‘The Woman in Cabin 10’ Movie Review: A Serviceable British Potboiler At Sea

Photo from Netflix

From Jeremy Kibler

There is one woman who was never there (or was she?) and multiple windows in The Woman in Cabin 10 that you’d be forgiven for thinking this was in anyway connected to another Netflix book-to-film adaptation, The Woman in the Window…or even the streamer’s ridiculously self-aware series The Woman in the House Across the Street from the Girl in the Window. More in the mode of Hitchcock’s The Lady Vanishes on a train and the Jodie Foster-starring thriller Flightplan on a plane comes this paranoid whodunit on a yacht. Based on Ruth Ware’s 2016 novel, The Woman in Cabin 10 takes a bit to find its pulse, but as a conventionally engrossing mystery led by Keira Knightley that fills 92 minutes, there are worse ways to spend an evening.

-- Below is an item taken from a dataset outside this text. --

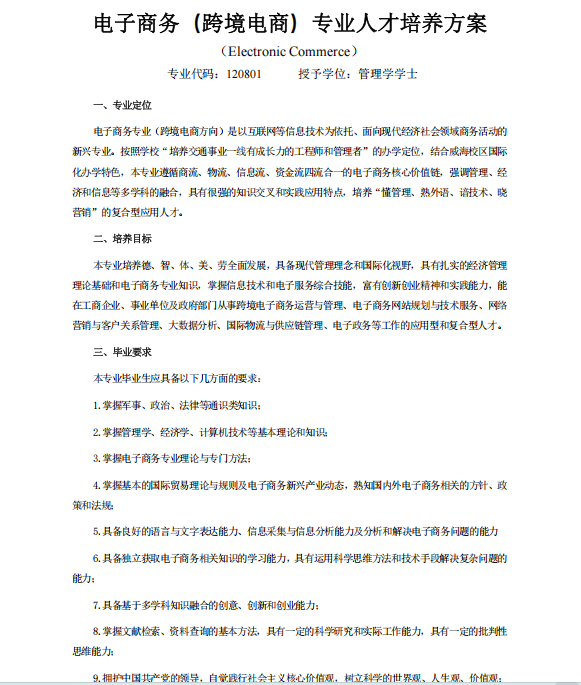 23.电子商务专业(跨境电商)人才培养方案课程体系—山东交通学院

Keira Knightley plays award-winning journalist Laura “Lo” Blacklock, who’s coming hot off a hard-hitting piece that resulted in a female source being drowned to death. In need of a vacation but assigned to a lighter beat by her editor at The Guardian (an inscrutably underused Gugu Mbatha-Raw), it’s fortuitous that Lo then receives an invitation aboard a luxury yacht, the Aurora Borealis. Sailing to Norway for a charity gala, the excursion is hosted by terminally ill Norwegian shipping heiress Anne Bullmer (Lisa Loven Kongsli) and her husband, Richard (Guy Pearce), who plans to dedicate a cancer research foundation in his wife’s name. “It’s a human-interest piece for inhumane times,” Lo reasons.

Once aboard, the reporter finds her surrounded by her old flame, photographer Ben (David Ajala), who’s working the event, and a circle of billionaires, including a bleached-blonde partier (Daniel Ings); a vapid influencer (Kaya Scodelario); a biting gallerist (Hannah Waddingham) and her husband (David Morrissey); and a sober rock star (Christopher Rygh). In the middle of the night at sea, Lo wakes up to the sound of a struggle in the cabin next door—yes, very good, Cabin 10—and off her balcony sees a body in the water. Was someone thrown overboard? Once she alerts the crew, she’s told everyone is accounted for, Cabin 10 was never occupied, and the woman Lo describes never existed. Either Lo is crazy, or she’s being gaslit by every single passenger on board, but she will get to the bottom of it.

On the deepest level, The Woman in Cabin 10 could be about journalistic truth-seeking and giving a voice to the voiceless, but this is more of a serviceable potboiler. It’s also not really interested in skewering the wealthy with much class commentary à la Glass Onion, aside from every rich passenger being painted as aloof and self-centered when a murder has occurred. Again, a straightforward paperback thriller is fine every once in a while. As competently directed by Simon Stone (who co-wrote the script with Joe Shrapnel and Anna Waterhouse from Emma Frost’s adaptation of the novel), the film is never edge-of-your-seat stuff, but it certainly gets some tension out of Lo having more than one brush with danger while piecing together what the bloody hell is going on.

Knightley fights hard to keep Lo Blacklock interesting enough by having a diligent work ethic with a dose of PTSD and a supposedly checkered romantic past. She refuses to be passive, even when others attempt to silence her. The wildly overqualified ensemble is too underserved for one’s liking, but there are flashes of these actors having a ton of fun (particularly Hannah Waddingham), standing as red herrings and gaslighting poor Keira Knightley. It’s clearly by design that they’re all one-note bores. One key casting choice makes the whodunit not particularly surprising, but it’s more about the particulars of that whodunit (the whydunit?).

Once our heroic journo starts investigating the seemingly bottomless bowels of the spectacularly sleek yacht, the mystery of it all keeps you on your toes. Not everything in the plot holds scrutiny, but as a beach read in movie form, The Woman in Cabin 10 serves well enough as an entertaining, satisfying voyage. 

Rating: 3/5

The Woman in Cabin 10 is currently available to stream on Netflix.